DIRECTIONS »
In the material below, the lines between the one holding "Welche Schalthebel sorgen" and the one holding "Stylish jean jacket", inclusive, are to be set down word for word. Pictures stay out.

RAW DATA »
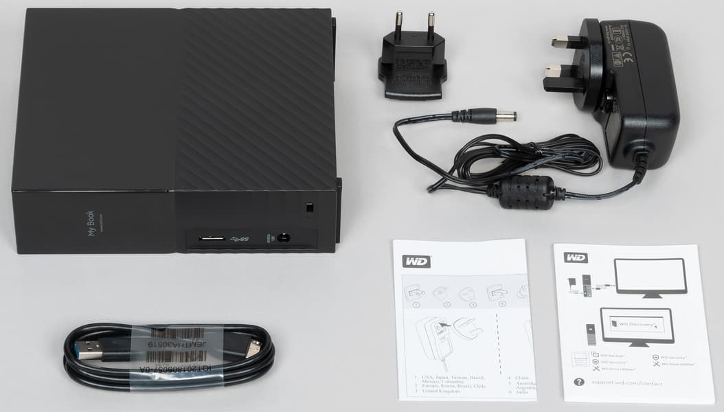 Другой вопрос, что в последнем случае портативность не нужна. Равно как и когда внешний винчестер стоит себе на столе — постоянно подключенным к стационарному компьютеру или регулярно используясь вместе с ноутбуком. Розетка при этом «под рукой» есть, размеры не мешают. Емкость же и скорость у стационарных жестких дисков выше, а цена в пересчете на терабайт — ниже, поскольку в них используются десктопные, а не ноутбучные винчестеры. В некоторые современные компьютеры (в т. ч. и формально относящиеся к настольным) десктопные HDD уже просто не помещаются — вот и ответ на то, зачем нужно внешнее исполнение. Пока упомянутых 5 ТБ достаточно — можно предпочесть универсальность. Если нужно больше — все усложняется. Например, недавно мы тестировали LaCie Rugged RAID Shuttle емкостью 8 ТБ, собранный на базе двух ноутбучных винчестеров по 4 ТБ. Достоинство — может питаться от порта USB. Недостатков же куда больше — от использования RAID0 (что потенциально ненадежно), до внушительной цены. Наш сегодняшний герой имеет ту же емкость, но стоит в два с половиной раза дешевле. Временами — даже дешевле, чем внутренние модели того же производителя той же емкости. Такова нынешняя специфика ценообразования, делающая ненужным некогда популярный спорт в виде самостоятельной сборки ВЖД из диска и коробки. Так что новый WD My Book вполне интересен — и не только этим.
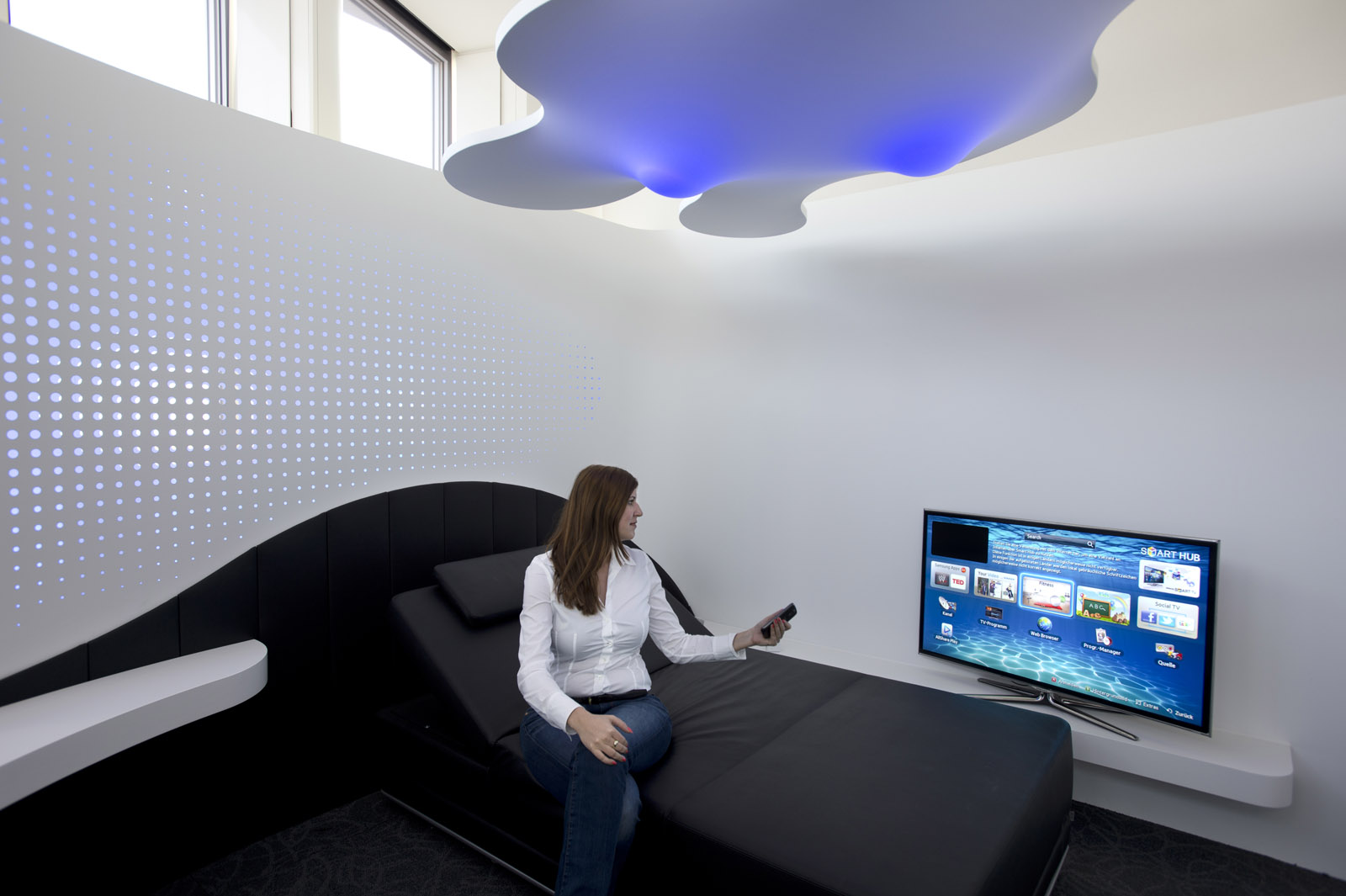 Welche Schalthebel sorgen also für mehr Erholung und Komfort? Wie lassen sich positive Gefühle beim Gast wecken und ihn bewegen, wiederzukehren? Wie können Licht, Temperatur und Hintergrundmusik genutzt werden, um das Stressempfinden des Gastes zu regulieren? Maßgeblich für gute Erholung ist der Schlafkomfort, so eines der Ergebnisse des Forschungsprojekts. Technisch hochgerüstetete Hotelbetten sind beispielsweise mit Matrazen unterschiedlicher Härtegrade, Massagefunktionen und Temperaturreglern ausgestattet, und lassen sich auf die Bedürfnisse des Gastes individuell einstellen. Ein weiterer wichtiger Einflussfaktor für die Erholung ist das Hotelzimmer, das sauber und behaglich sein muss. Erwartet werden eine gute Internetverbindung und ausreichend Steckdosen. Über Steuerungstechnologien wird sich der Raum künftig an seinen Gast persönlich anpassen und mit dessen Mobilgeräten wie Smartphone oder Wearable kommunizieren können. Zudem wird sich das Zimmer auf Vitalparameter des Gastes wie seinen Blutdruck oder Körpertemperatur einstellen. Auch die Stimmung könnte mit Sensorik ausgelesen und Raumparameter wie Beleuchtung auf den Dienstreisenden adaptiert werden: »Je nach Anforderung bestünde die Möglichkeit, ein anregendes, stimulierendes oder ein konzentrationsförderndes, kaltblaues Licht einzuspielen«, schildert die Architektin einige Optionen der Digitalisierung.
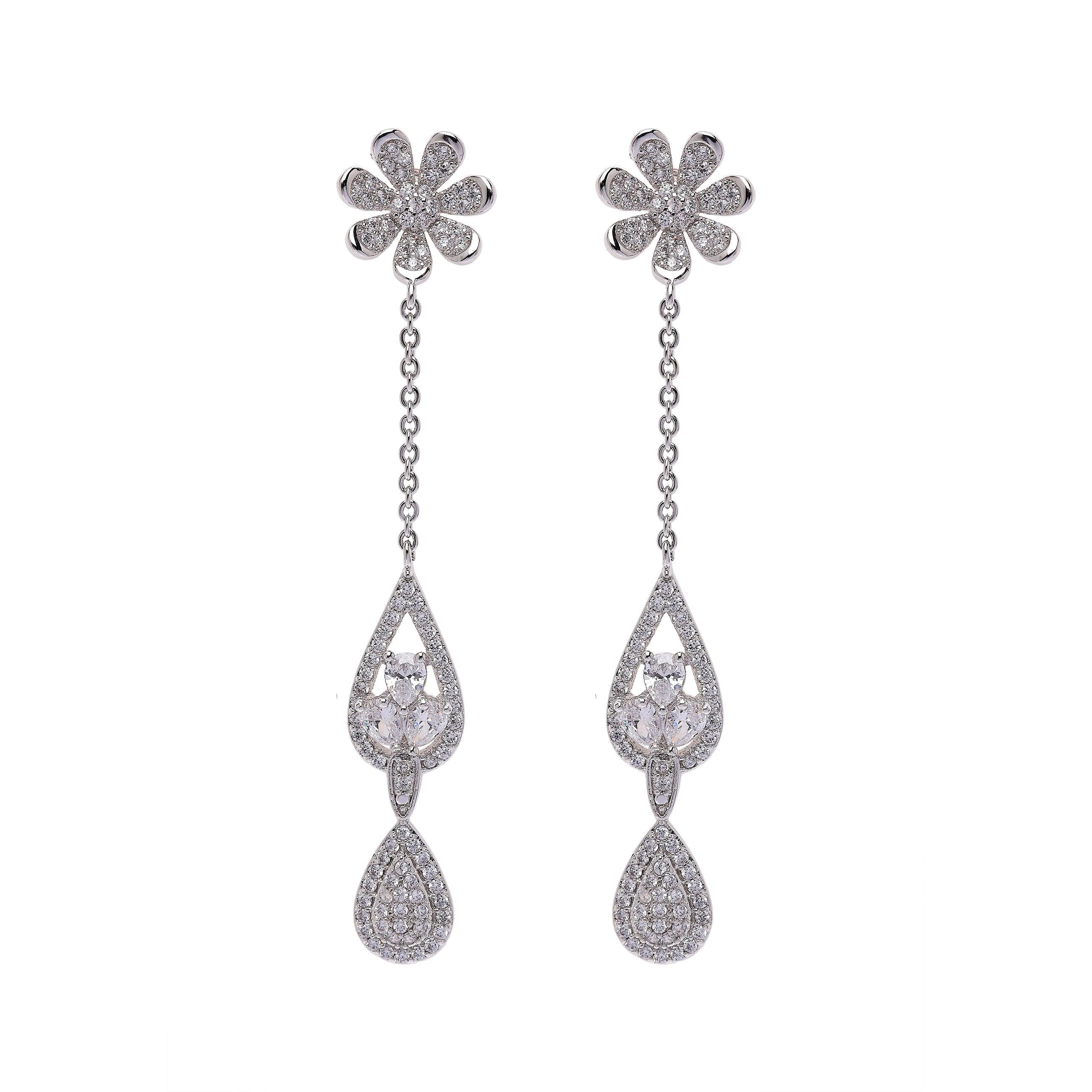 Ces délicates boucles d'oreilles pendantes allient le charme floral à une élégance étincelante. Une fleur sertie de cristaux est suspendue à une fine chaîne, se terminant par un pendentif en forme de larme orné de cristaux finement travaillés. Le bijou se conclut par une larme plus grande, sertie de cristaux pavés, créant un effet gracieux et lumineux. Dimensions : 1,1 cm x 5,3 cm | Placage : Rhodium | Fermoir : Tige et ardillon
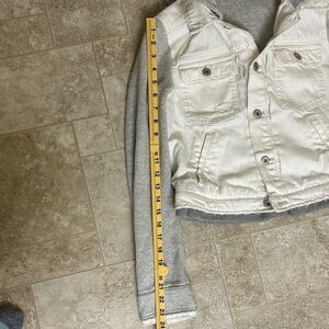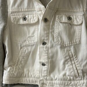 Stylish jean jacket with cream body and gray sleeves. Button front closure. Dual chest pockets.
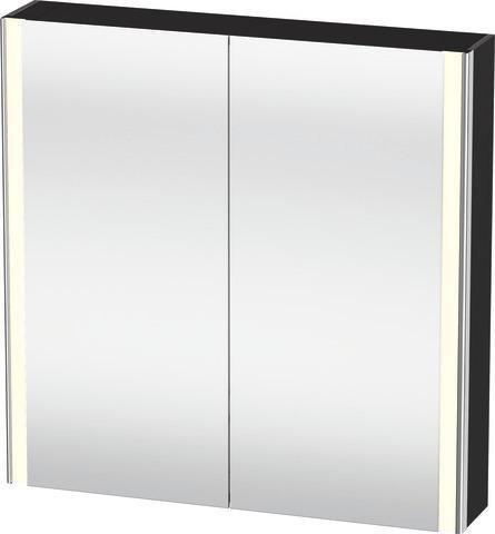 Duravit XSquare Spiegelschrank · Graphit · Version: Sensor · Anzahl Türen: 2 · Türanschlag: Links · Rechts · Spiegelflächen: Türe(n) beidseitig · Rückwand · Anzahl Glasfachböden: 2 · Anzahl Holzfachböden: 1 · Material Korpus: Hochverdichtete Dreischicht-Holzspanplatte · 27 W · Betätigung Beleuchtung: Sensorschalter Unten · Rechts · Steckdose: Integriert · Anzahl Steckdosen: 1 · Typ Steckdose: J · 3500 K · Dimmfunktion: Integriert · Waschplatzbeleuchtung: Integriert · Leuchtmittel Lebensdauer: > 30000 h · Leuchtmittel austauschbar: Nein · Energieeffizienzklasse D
--
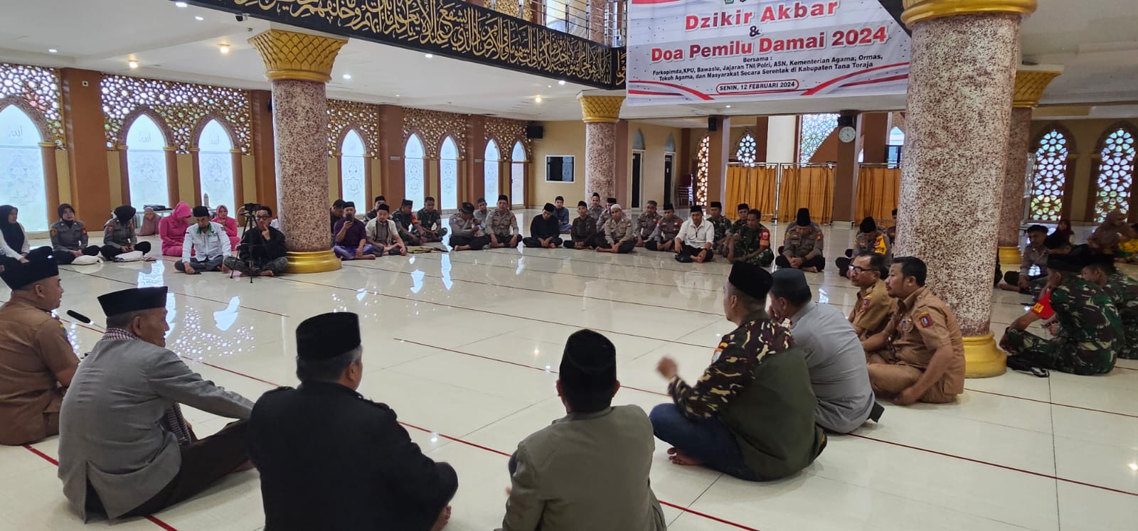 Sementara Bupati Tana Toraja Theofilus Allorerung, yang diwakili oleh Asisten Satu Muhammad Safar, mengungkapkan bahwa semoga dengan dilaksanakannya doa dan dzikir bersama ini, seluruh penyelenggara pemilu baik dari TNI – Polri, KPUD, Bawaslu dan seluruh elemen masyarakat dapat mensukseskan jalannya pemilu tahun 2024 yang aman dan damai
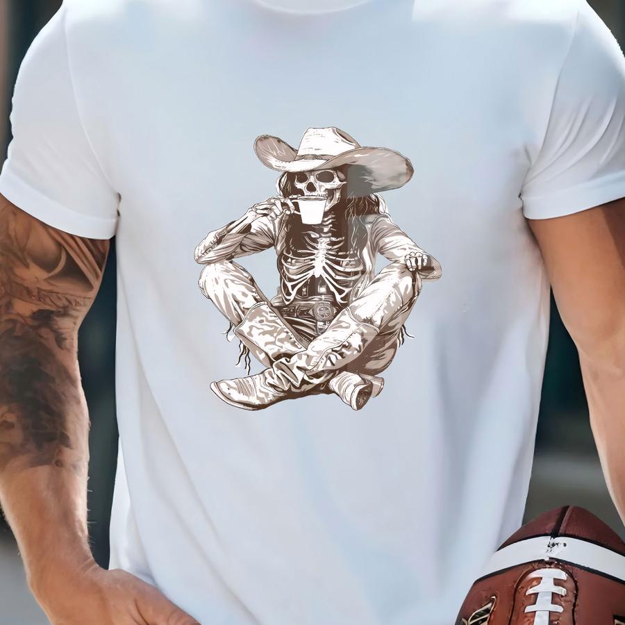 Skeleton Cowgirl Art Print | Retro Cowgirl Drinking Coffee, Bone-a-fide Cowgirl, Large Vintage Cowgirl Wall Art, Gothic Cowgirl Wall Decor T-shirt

RESPONSE »
 Welche Schalthebel sorgen also für mehr Erholung und Komfort? Wie lassen sich positive Gefühle beim Gast wecken und ihn bewegen, wiederzukehren? Wie können Licht, Temperatur und Hintergrundmusik genutzt werden, um das Stressempfinden des Gastes zu regulieren? Maßgeblich für gute Erholung ist der Schlafkomfort, so eines der Ergebnisse des Forschungsprojekts. Technisch hochgerüstetete Hotelbetten sind beispielsweise mit Matrazen unterschiedlicher Härtegrade, Massagefunktionen und Temperaturreglern ausgestattet, und lassen sich auf die Bedürfnisse des Gastes individuell einstellen. Ein weiterer wichtiger Einflussfaktor für die Erholung ist das Hotelzimmer, das sauber und behaglich sein muss. Erwartet werden eine gute Internetverbindung und ausreichend Steckdosen. Über Steuerungstechnologien wird sich der Raum künftig an seinen Gast persönlich anpassen und mit dessen Mobilgeräten wie Smartphone oder Wearable kommunizieren können. Zudem wird sich das Zimmer auf Vitalparameter des Gastes wie seinen Blutdruck oder Körpertemperatur einstellen. Auch die Stimmung könnte mit Sensorik ausgelesen und Raumparameter wie Beleuchtung auf den Dienstreisenden adaptiert werden: »Je nach Anforderung bestünde die Möglichkeit, ein anregendes, stimulierendes oder ein konzentrationsförderndes, kaltblaues Licht einzuspielen«, schildert die Architektin einige Optionen der Digitalisierung.
 Ces délicates boucles d'oreilles pendantes allient le charme floral à une élégance étincelante. Une fleur sertie de cristaux est suspendue à une fine chaîne, se terminant par un pendentif en forme de larme orné de cristaux finement travaillés. Le bijou se conclut par une larme plus grande, sertie de cristaux pavés, créant un effet gracieux et lumineux. Dimensions : 1,1 cm x 5,3 cm | Placage : Rhodium | Fermoir : Tige et ardillon
 Stylish jean jacket with cream body and gray sleeves. Button front closure. Dual chest pockets.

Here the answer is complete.